In the sense of counter-terrorism, extralegal normally implies actions and responses that might not be legal – and one should remember that ethics, morality and legality are not invariably synonymous. The famous Israeli pursuit and assassination of the architects of the 1972 Munich massacre of their Olympic athletes was not legal in the Western European states where the murderers were hunted and slain. Nor could it be said that the actions of the Israeli hunters were always (or even mostly) ethical. Was this campaign a moral act? Certainly! An outrageous evil was avenged and a measure of justice was achieved.

In counter-terrorism, extralegal actions have a long history, but very little of it seems to be adequately documented; which is not surprising. This essay has been contemplated for a long time (about seven years) and reflects some suspicions that the author formed nineteen years ago; but which have largely proved nigh-impossible to research. Much of what is here – particularly about events in Ulster — reflects a few tidbits and scraps gathered here and there; and these simply cannot make a conclusive argument.

In Canada’s experience there is the notorious barn-burning incident in May 1972, in which members of the RCMP Security Service attempted to set a barn on fire to prevent an apparent meeting between members of the FLQ and the Black Panthers. The act was illegal – a wiretap warrant for the meeting had been disallowed and if the meeting could be cancelled, perhaps the next one could be taped. Moreover, the attempted barn-burning was incompetently executed: Diesel oil doesn’t catch fire very easily, whereas if the offending officer had used gasoline or even just touched a match to straw, things might have turned out quite differently. This was one of a number of incidents that occurred during the 1970s, and which eventually resulted in the McDonald Inquiry into the service and the eventual creation of CSIS. [1]

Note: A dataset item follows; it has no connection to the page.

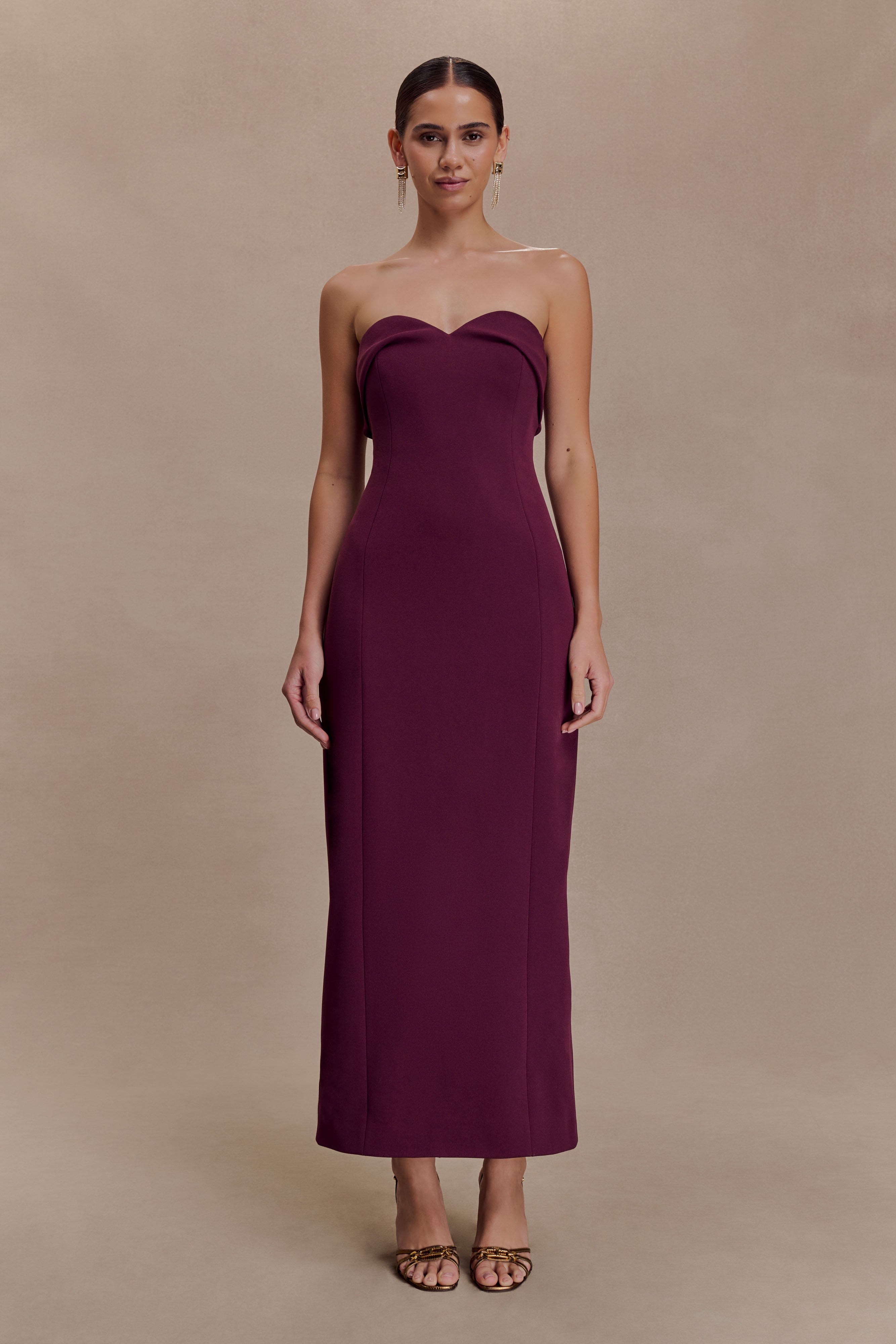 The CARY Folded Strapless Crepe Midi Dress is a timeless silhouette that exudes refined sophistication. Featuring a strapless sweetheart neckline with a folded detail. it enhances the décolletage while maintaining a clean. structured finish. Fully lined for comfort and support. it's completed with a centre back invisible zip and split for ease of movement. Falling to a long midi length. this dress embodies effortless femininity — minimal. modern. and undeniably elegant.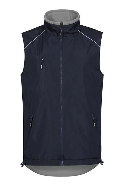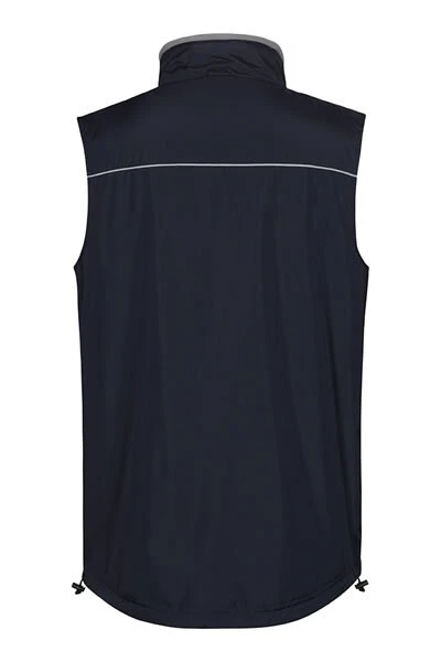 Die doppelseitige Weste mit Napoleontasche auf der Vorderseite verfügt über zwei Seitentaschen mit Reißverschluss. Die Weste verfügt über einen eingenähten Schlüsselring in der Seitentasche, reflektierende Paspeln und Reißverschlussschieber. Die Weste ist mit einem Tunnelzug am Saum mit Stiel, einem geschwungenen Saum und einem unsichtbaren Reißverschluss zur Dekoration ausgestattet. Es hat einen modernen Schnitt.

It is common sense that extralegal responses to terrorism are hazardous — particularly in a functioning democracy, which must be based on the rule of law. If resort is made to the domestic use of force outside of a legal framework, it should only be entrusted to the most disciplined and intelligent of police and military personnel; and if documented evidence of the existence of such acts even appears, somebody up the chain of command had better be prepared to face the consequences. To do otherwise is to invite the authorities of the state engaged in counterterrorism to concede much of their moral advantage, and will certainly tempt them into becoming as monstrous as the terrorists they oppose. One can only use domestic extralegal methods at their peril.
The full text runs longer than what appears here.